There is an increasing demand for high-level recognition and matching processing, such as image recognition by a surveillance camera and biometric authentication using fingerprint or iris. The processing matches a large number of previously registered data to to-be-matched data given as input to find registered data closest (having a highest likelihood of matching) to the to-be-matched data. More advanced and larger-scale systems are expected to not only reduce time for processing one to-be-matched data but also improve throughput for processing a large number of to-be-matched data. From the viewpoint of responding to improvement in recognition algorithm and maintaining flexibility in system architecture, it seems favorable that such large-scale matching systems are achieved by software on general-purpose processors.
On the other hand, from the point of view of semiconductor devices, improvement of processor operation clock has recently being slowing down, and performance is increasingly being improved through parallel processing using plural or multiple processor cores. For example, some CPUs (Central Processing Unit) for general-purpose processing devices, such as personal computers and servers have a multicore configuration with about two to eight cores. In addition, regarding GPUs (Graphical Processing Units) for image processing and scientific computing, there are those that have a many-core configuration with several hundreds of simple cores.
The large-scale matching systems require not only matching processing but also versatile processing such as registration data management and input/output control. Accordingly, favorably, the large-scale matching systems are constructed by a combination of a general-purpose host processor and a matching-directed many-core coprocessor. This requires a parallel processing technique for performing high-level and large-scale matching processing by appropriate sharing between a host processor and a coprocessor.

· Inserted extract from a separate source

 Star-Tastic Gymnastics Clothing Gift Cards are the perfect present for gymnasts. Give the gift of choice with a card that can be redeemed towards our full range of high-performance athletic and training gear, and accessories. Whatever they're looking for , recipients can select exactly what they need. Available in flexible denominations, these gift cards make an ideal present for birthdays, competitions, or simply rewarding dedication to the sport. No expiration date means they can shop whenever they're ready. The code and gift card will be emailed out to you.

The following is parallel processing techniques associated with matching and recognition.
Patent Literature 1 discloses a technique in which, in matching processing of a three-dimensional object, a data region is divided so that an amount of data to be processed per thread is equal and is below a predetermined amount, and data is input to a GPU to cause the GPU to perform parallel processing.

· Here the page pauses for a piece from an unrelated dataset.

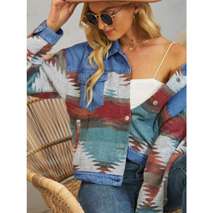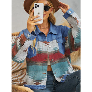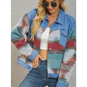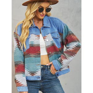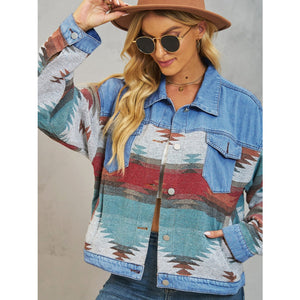 Geometric Button Up Dropped Shoulder Denim Jacket

Patent Literature 2 discloses a technique in which, in pattern recognition processing, matching with dictionary data is performed in parallel by a plurality of processor cores in the same number as dictionary patterns.

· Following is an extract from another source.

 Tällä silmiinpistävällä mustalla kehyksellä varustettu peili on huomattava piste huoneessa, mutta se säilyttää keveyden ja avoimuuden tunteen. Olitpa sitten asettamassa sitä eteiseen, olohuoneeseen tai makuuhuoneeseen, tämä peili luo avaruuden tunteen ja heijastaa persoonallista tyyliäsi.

Patent Literature 3 discloses an information recording device that compares video/audio contents by using units of chapter data forming the contents to detect predetermined chapter data. The information recording device of Patent Literature 3 is not particularly considered for application of any parallel processing technique.
Patent Literature 4 discloses a data processing device that performs pattern matching by calculation similarities of an input pattern and a template pattern. The data processing device of Patent Literature 4 is serially inputted input data bit by bit in calculating the similarities. The data processing device thereof does not perform calculation using the parallel processing technique.
Patent Literature 5 discloses a display control system that prefetches image data expected to be read-accessed in the future to store it into cache memory.
An OpenCL (Open Computing Language; registered trademark) technique described in Non Patent Literature 1 is a general-purpose technique for using a coprocessor (typically, a GPU) from a hots processor. Use of the OpenCL technique allows programming less dependent on a specific coprocessor product. Specifically, a user of the OpenCL technique determines, in addition to a central algorithm for processing an execution target (hereinafter referred to as “target processing”), a method for dividing the target processing into pieces of unit processing that can be performed in parallel (hereinafter referred to as “parallel division”). Then, the user issues an instruction of communication between the host processor and the coprocessor according to the determined method, based on a format of the OpenCL. The above-described operations by the user allows achievement of a parallel processing system using the coprocessor.